The main process we analyze is (2.3). Lemma 3 gives an estimate of the final distance $E|g(X_{T}^{\pi})-Y_{T}^{\pi}|^{2}$ provided by (2.3) in terms of the deviation between the approximated variables $Y_{0}^{\pi},Z_{t_{i}}^{\pi}$ and the true solutions.

Lemma 3.

Suppose Assumptions 1, 2, and 3 hold true. Let $X_{T}^{\pi},Y_{0}^{\pi},Y_{T}^{\pi}$ , $\{Z_{t_{i}}^{\pi}\}_{0\leq i\leq N-1}$ be defined as in system (2.3) and $\tilde{Z}_{t_{i}}=h^{-1}E[\int_{t_{i}}^{t_{i+1}}Z_{t}\,\mathrm{d}t|\mathcal{F}_{t_{i}}]$ . Given $\lambda_{4}>0$ , there exists a constant $C>0$ depending on $E|\xi|^{2}$ , $\mathscr{L}$ , $T$ , and $\lambda_{4}$ , such that for sufficiently small $h$ ,

\displaystyle E|g(X_{T}^{\pi})-Y_{T}^{\pi}|^{2}\leq(1+\lambda_{4})H_{\mathrm{min}}\sum_{i=0}^{N-1}E|\delta\tilde{Z}_{t_{i}}|^{2}h+C[h+E|Y_{0}-Y_{0}^{\pi}|^{2}],

where $\delta\tilde{Z}_{t_{i}}=\tilde{Z}_{t_{i}}-Z_{t_{i}}^{\pi}$ , $H(x)=(1+\sqrt{g_{x}})^{2}e^{(2K+2Kx^{-1}+x)T}(1+f_{z}x^{-1})$ , and $H_{\mathrm{min}}=\min_{x\in R^{+}}H(x)$ .

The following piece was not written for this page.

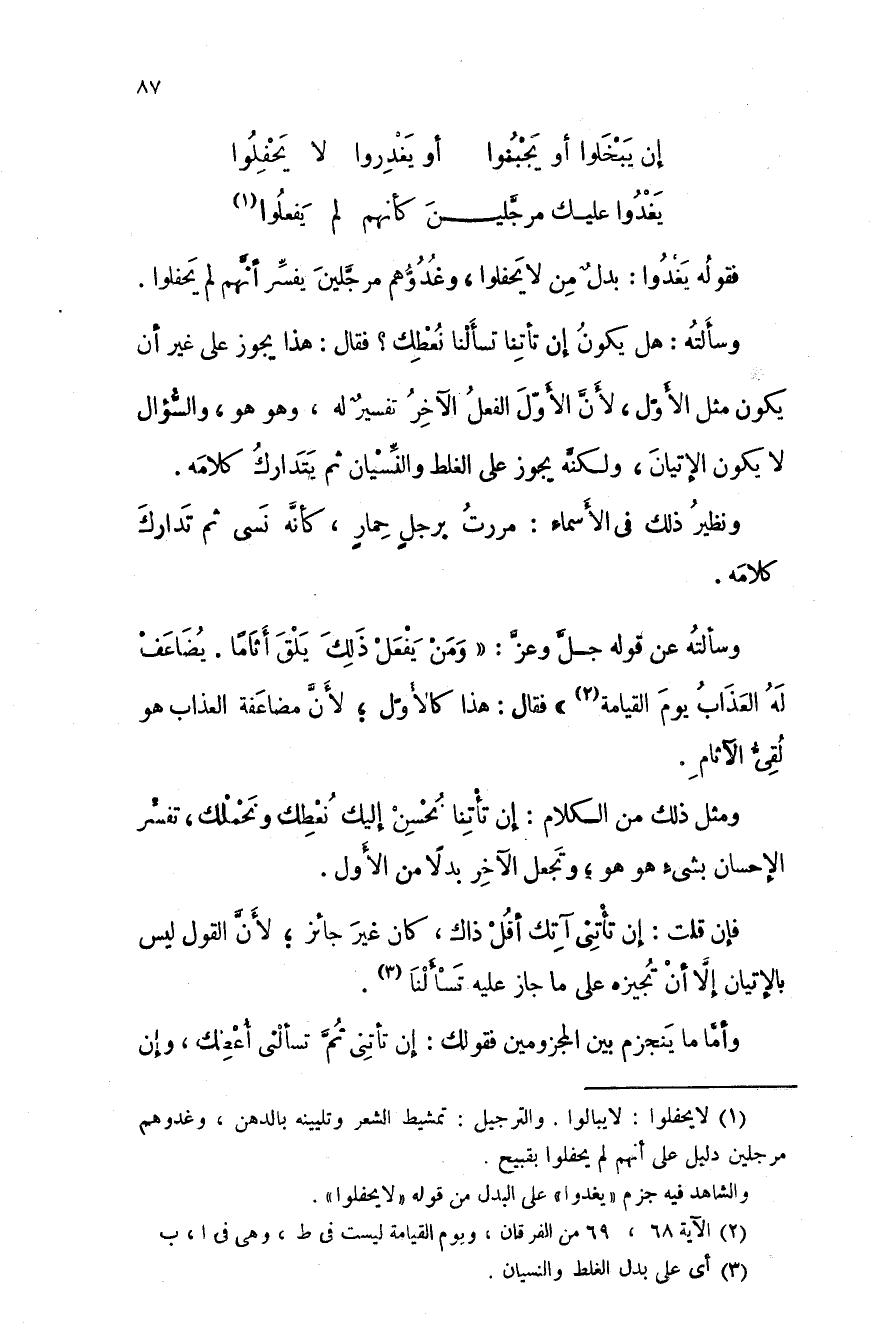 وسألته: هل يكون إن تأتنا تسألنا نعطك؟ فقال: هذا يجوز على غير أن يكون مثل الأول، لأنَّ الأول الفعل الآخر تفسيرٌ له، وهو هو، والسُّوال لا يكون الإتيان، ولكنَّه يجوز على الغلط والنَّسيان ثم يتدارك كلامه.

Lemma 3 is close to Theorem 2, except that $\tilde{Z}_{t_{i}}$ is not a function of $X_{t_{i}}^{\pi}$ and $Y_{t_{i}}^{\pi}$ defined in (2.3). To bridge this gap, we need the following two lemmas. First, similar to the proof of Theorem 1^′, an estimate of the distance between the process defined in (2.3) and the process defined in (3.3) is also needed here. Lemma 4 is a general result to serve this purpose, providing an estimate of the difference between two backward processes driven by different forward processes.

Lemma 4.

Let $X_{t_{i}}^{\pi,j}\in L^{2}(\Omega,\mathcal{F}_{t_{i}},\mathbb{P})$ for $0\leq i\leq N$ , $j=1,2$ . Suppose $\{Y_{t_{i}}^{\pi,j}\}_{0\leq i\leq N}$ and $\{Z_{t_{i}}^{\pi,j}\}_{0\leq i\leq N-1}$ satisfy

\displaystyle\begin{dcases}Y_{T}^{\pi,j}=g(X_{T}^{\pi,j}),\\ Z_{t_{i}}^{\pi,j}=\frac{1}{h}E[Y_{t_{i+1}}^{\pi,j}\Delta W_{i}|\mathcal{F}_{t_{i}}],\\ Y_{t_{i}}^{\pi,j}=E[{Y}_{t_{i+1}}^{\pi,j}+f(t_{i},{X}_{t_{i}}^{\pi,j},{Y}_{t_{i}}^{\pi,j},{Z}_{t_{i}}^{\pi,j})h|\mathcal{F}_{t_{i}}],\end{dcases}

(5.1)

for $0\leq i\leq N-1$ , $j=1,2$ . Let $\delta X_{i}=X_{t_{i}}^{\pi,1}-X_{t_{i}}^{\pi,2}$ , $\delta Z_{i}=Z_{t_{i}}^{\pi,1}-Z_{t_{i}}^{\pi,2}$ , then for any $\lambda_{7}>f_{z}$ , and sufficiently small $h$ , we have

\displaystyle\sum_{i=0}^{N-1}E|\delta Z_{i}|^{2}h\leq\frac{\lambda_{7}(e^{-A_{5}T}\vee 1)}{\lambda_{7}-f_{z}}\Big{\{}g_{x}e^{A_{5}T-A_{5}h}E|\delta X_{N}|^{2}+\frac{f_{x}}{\lambda_{7}}\sum_{i=0}^{N-1}e^{A_{5}ih}E|\delta X_{i}|^{2}h\Big{\}},

where $A_{5}\coloneqq-h^{-1}\ln[1-(2k_{f}+\lambda_{7})h]$ .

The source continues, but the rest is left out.